One day’s hunting, which Mr. Roosevelt describes, shows what the country was like, how full it was of all kinds of animals. Leaving camp at seven in the morning they were out altogether over fifteen hours. They were after a lion, so did not look for other game. They soon passed some zebra, and antelope, but left them alone. The country was a dry, brown grassland, with few trees, and in some places seems to have looked like our Western prairie. At noon they sighted three rhinoceros, which they tried to avoid, as they did not wish to shoot them. Of course, in such circumstances it is necessary to do nothing to disturb the temper of the animals—stupid, short-sighted beasts—or else in their anger or alarm, they will blindly charge the hunter, who then is forced to shoot to save himself from being tossed and gored on that great horn. There was a hyena disturbing the other game, and as these are savage nuisances, Mr. Roosevelt shot this one at three hundred and fifty paces. While the porters were taking the skin, he could not help laughing, he says, at finding their party in the center of a great plain, stared at from all sides by enough wild animals to stock a circus. Vultures were flying overhead. The three rhinoceros were gazing at them, about half a mile away. Wildebeest (sometimes called gnu) which look something like the American buffalo or bison, and hartebeest, stood around in a ring, looking on. Four or five antelope came in closer to see what was happening, and a zebra trotted by, neighing and startling the rhinoceros.

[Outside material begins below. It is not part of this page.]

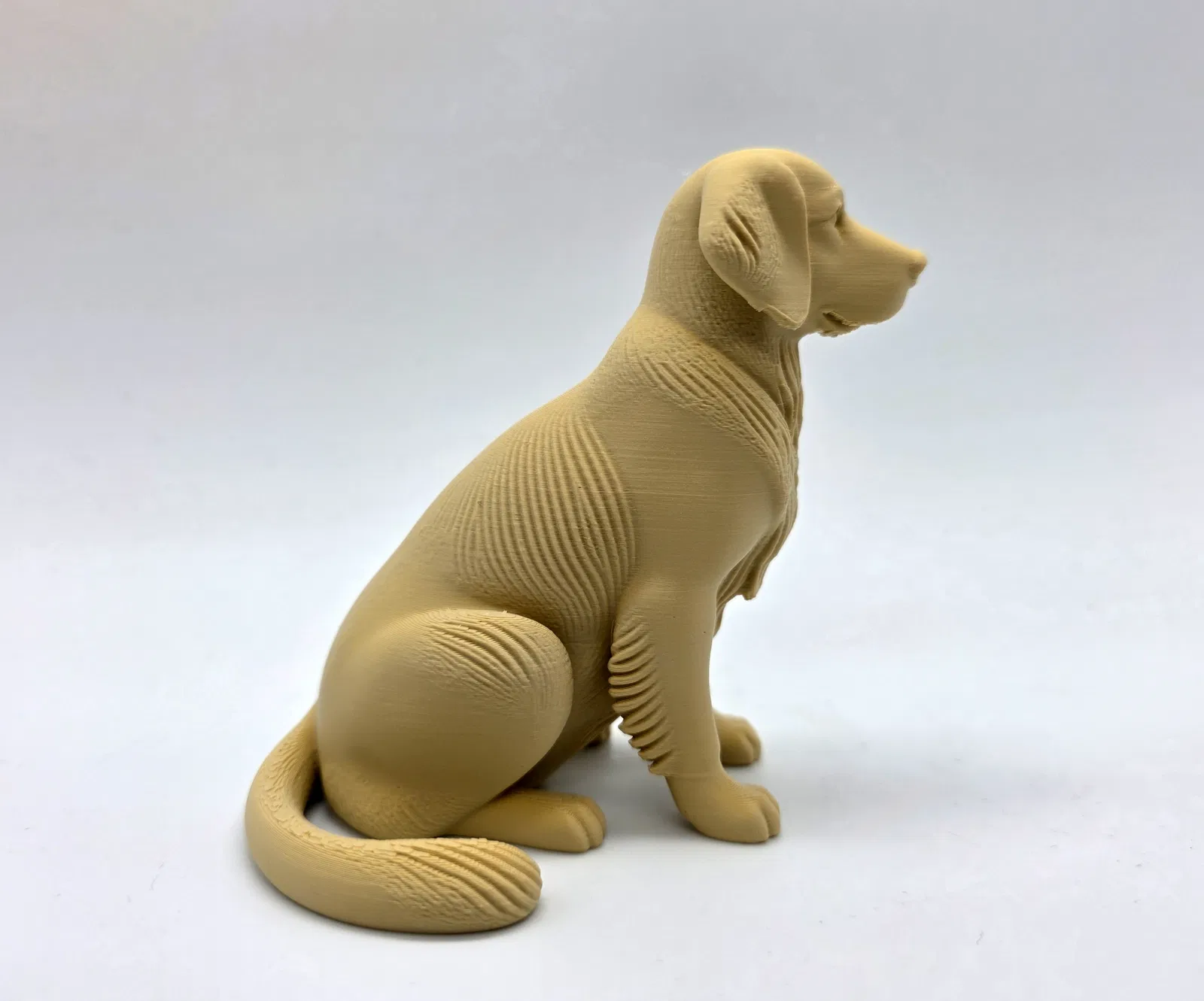 Mô hình chó Golden Retriever ngồi kiểu khắc gỗ, có thể scale linh hoạt. Đáy phẳng nên dễ bám bàn in, hầu như chỉ cần rất ít support (khuyến nghị Tree Supports trên build plate). Phù hợp trưng bày, quà tặng và sơn trang trí.

After a rest for luncheon, they went on, looking for lions. Two wart-hogs jumped up, and Mr. Roosevelt shot the biggest of them. By this time it was getting late in the afternoon; time for lions to be about. At last they saw one; a big lioness. She ran along the bed of a stream, crouching so as not to be seen in the failing light. The two hunters rode past and would have missed her if one of the native followers had not sighted her a second time. Then Roosevelt and the other hunter left their horses, and came in close on foot. This is perhaps as dangerous as any hunting in Africa. A man must be cool and a good shot to go after lions; sooner or later almost every lion hunter either gets badly hurt or gets killed.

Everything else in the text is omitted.